Дымком повеивало по берегу, кое-где уже попискивали чайники; легкая роса выпала, и рудяной камень потемнел от влаги. Серебряный туск белой северной ночи повис над рекою, будто кисейный полог, и противный берег с уступистыми борами на косогоре посинел и заугрюмел. Очередная лодка мерно сплывала вниз по течению, волочила за собою поплавь, как связку перламутровых бусин. Редко когда брякнет о бортовину весло, скрипнет уключина, заматерится мужичонко, досадуя на растяпистого неуклюжего напарника, и каждое слово врезается в тишину, будто выбитое зубилом. Теперь, когда заря попритухла и спряталась, перевязала кровавые сгустки свитками лесов, когда излуки реки потерялись, дополна налившись парным молоком, а перьистое небо опрокинулось в шелковые воды, — так именно в эти часы вырвется на просторы плесов сторожкая семга, чтобы чуток передохнуть, западет в укрывища дна, в переборы камешника, прильнет к струйкам гремучих родников, выбивающихся из-под спуда в омута, где копошатся полчища серебристой уклейки, ибо этими устьицами ключей, как множеством благодатных сосцов, и отдает мать-земля сладость грудного млека.
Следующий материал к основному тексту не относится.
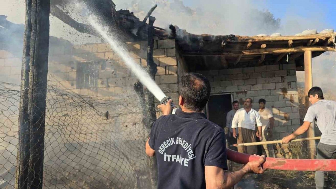 Hakkari’nin Derecik ilçesinde çıkan yangında bin 100 balya ot ile 150 torba saman yandı.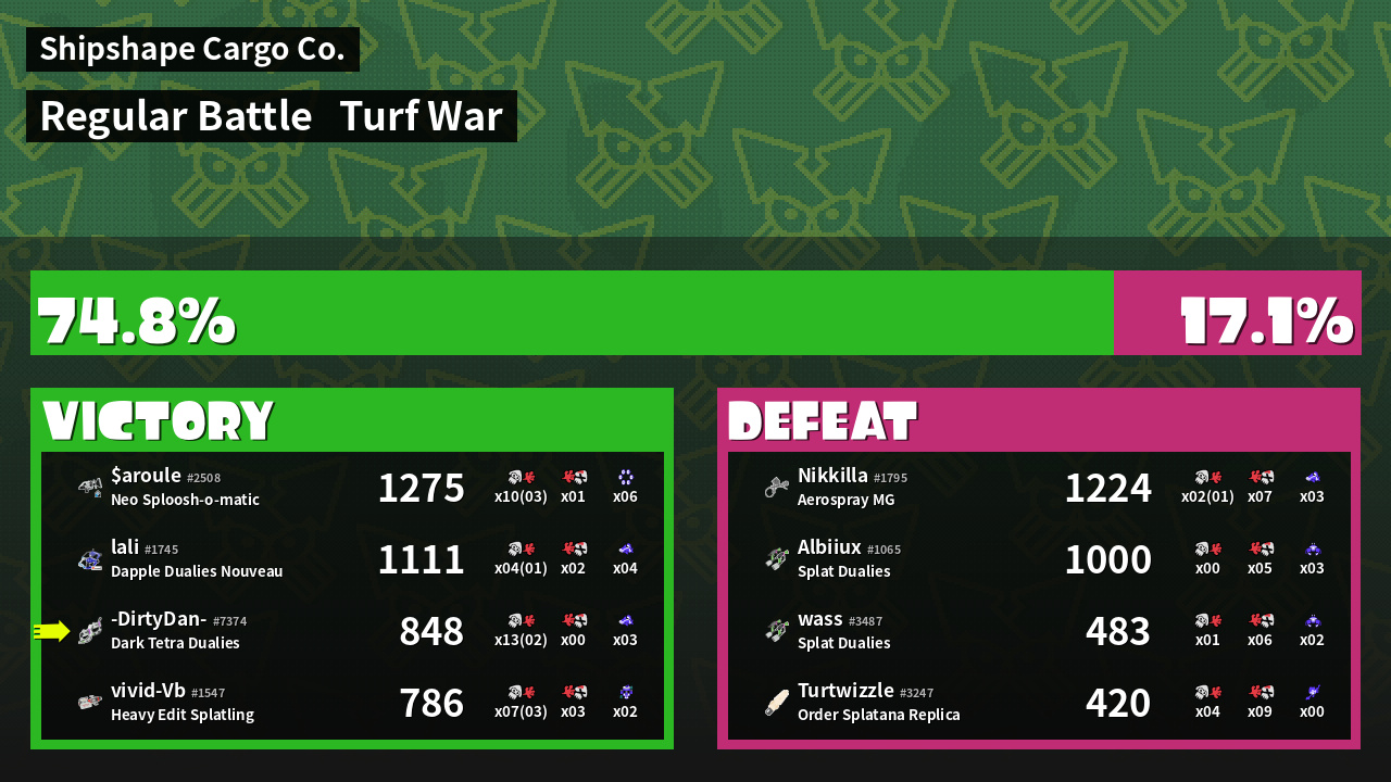 | Mode | Turf War - Regular Battle | ||

Ныли комары. Васяка сомлел и закемарил, накинув на лицо желтый рокан; рядом на изготовку стояли резиновые сапоги с обтерханным подкладом, желтели роговистые мужичьи пятки с черными разводьями грязи и с налипшей соломенной трухою. Яков Лукич от скуки ковылял от костерка к костерку, что-то выгадывал, выкраивал; его бледное лицо походило на морщиноватую весеннюю картофелину. Но и сон блаженного, и непутняя на первый взгляд стариковская бродня по берегу были необходимой частью рыбацкой затеи, как бы входили в заведенный от предков чин, похожий на солдатский устав. Промысел не терпит мельтешни и боится сглаза. И лишь Ротман не знал, куда приложить силу, она оказалась здесь бесполезною, и стихи отчего-то не вывязывались в голове, и мысли были подобны вороху листьев.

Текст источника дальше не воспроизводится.